How a 1971 sample inspired one of Kanye West’s best songs and got him in legal trouble

‘Bound 2,’ the final song on Kanye West’s 2013 Yeezus album, was arguably most famous for its video depicting Ye’s ex-wife Kim Kardashian topless on a motorcycle. But it was also a well-received, soul-inflected song that evoked memories of Kanye’s College Dropout days.

The track reached number 12 on the US Billboard Hot 100, while only making it to number 55 on the British charts. Its success was fairly modest, in terms of its sales performance, but it nonetheless gained a lot of attention. It gained so much attention, in fact, that Ye ended up battling a lawsuit over it.

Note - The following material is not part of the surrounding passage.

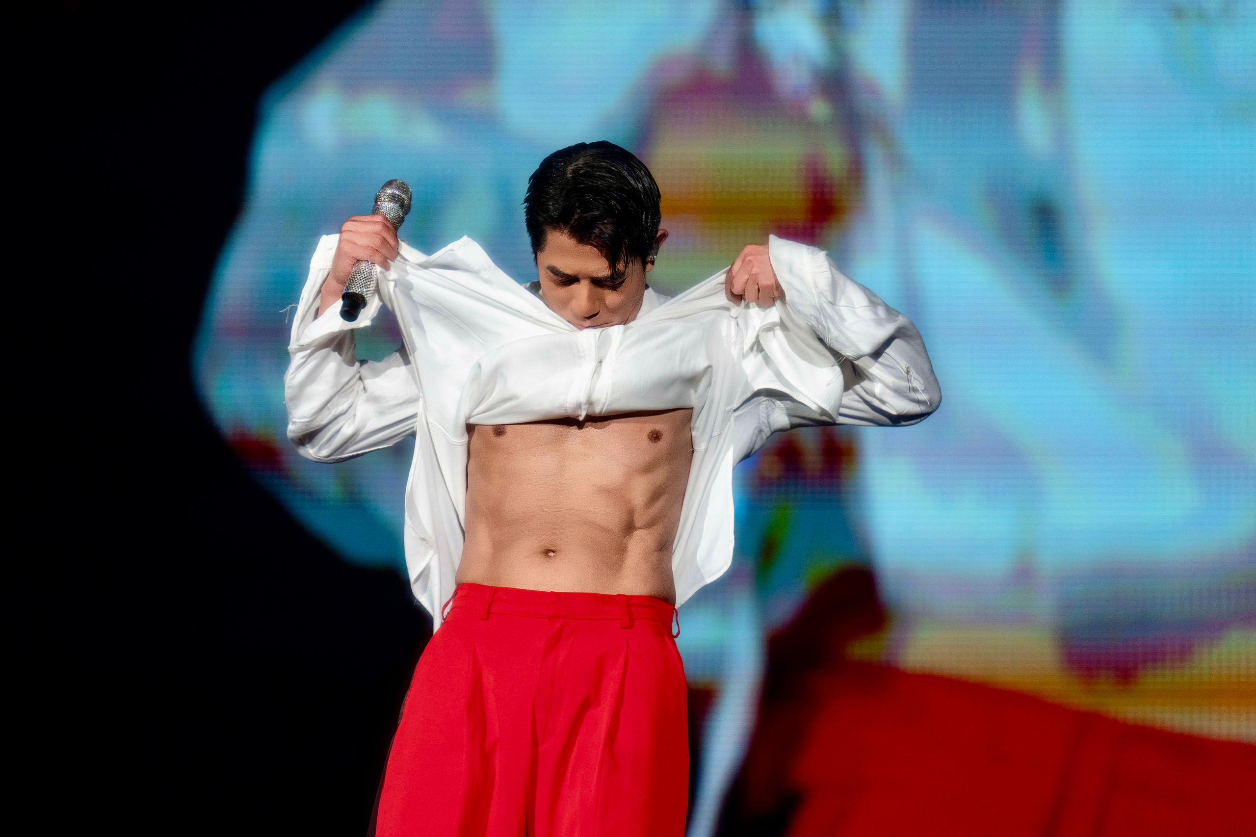 城城亦不時同觀眾幽默互動,提到維持體能嘅話題時,一邊展示結實身型邊笑說:「每天的舞台動作都像健身一樣,但我每天洗澡都看到,也不覺得有什麼特別啦!」更掀起上衣大騷健碩胸肌同腹肌線條。

‘Bound 2’ serves as a sort of spiritual sequel to a much older song called ‘Bound,’ which was released in 1971. That was by a soul group called Ponderosa Twins Plus One, who formed in Cleveland, Ohio and only released one album during their few years together as a band in the early ’70s.

The original ‘Bound’ was sampled by Kanye for his Yeezus album closer, but that’s where the trouble began. Ricky Spicer, a member of the group, claimed that Ye had sampled Spicer’s voice on the original track without permission, so he filed a lawsuit.

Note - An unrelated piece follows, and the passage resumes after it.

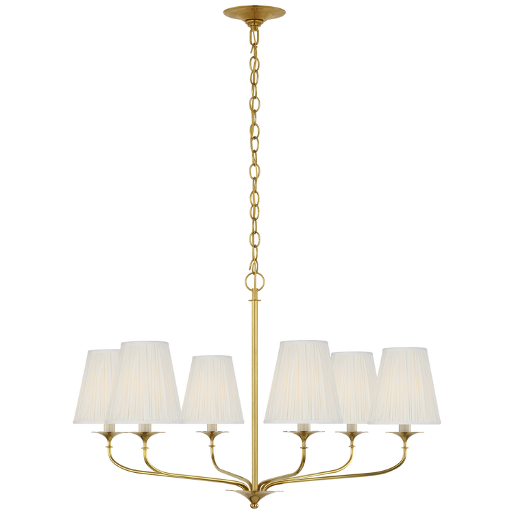Knox 32" Chandelier in Hand-Rubbed Antique Brass with Silk Pleated Shades

The fact that ‘Bound’ made its way into Ye’s song at all was the result of some last-minute thinking. As explained to Rolling Stone by Rick Rubin, who served as an executive producer on Yeezus, ‘Bound 2’ began life without the ’70s ‘Bound’ sample forming any part of it.

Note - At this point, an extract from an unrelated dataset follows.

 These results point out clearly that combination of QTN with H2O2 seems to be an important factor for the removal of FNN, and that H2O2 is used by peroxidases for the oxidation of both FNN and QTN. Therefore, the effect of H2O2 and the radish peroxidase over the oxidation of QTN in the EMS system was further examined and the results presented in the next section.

But the track Ye and his team had made wasn’t right, so they started trying to think of ways to make it better. ‘Bound’ was on their minds at the time, so, as Rubin explained, they apparently thought to themselves, “Hmm, maybe there’s a way to integrate this into the song.”

They added a snippet from ‘Bound’ into the track, and they started stripping it of other elements in order to get the sample to fit. Eventually, after working in this way, they created ‘Bound 2,’ which sits at the end of Yeezus. The sample had been key to the song’s success.

But Spicer wasn’t happy about it being used without permission, so, in late 2013, he sued Kanye and his labels, claiming not to have been compensated for his part on ‘Bound 2.’ By 2015, news broke that Ye had decided to settle for an undisclosed amount.

This episode wasn’t actually the only time that Spicer filed a lawsuit in relation to ‘Bound 2.’ In 2014, he sued Vogue and its publisher Condé Nast, too, after the song was used in a video to promote Ye and Kim’s shoot for the magazine.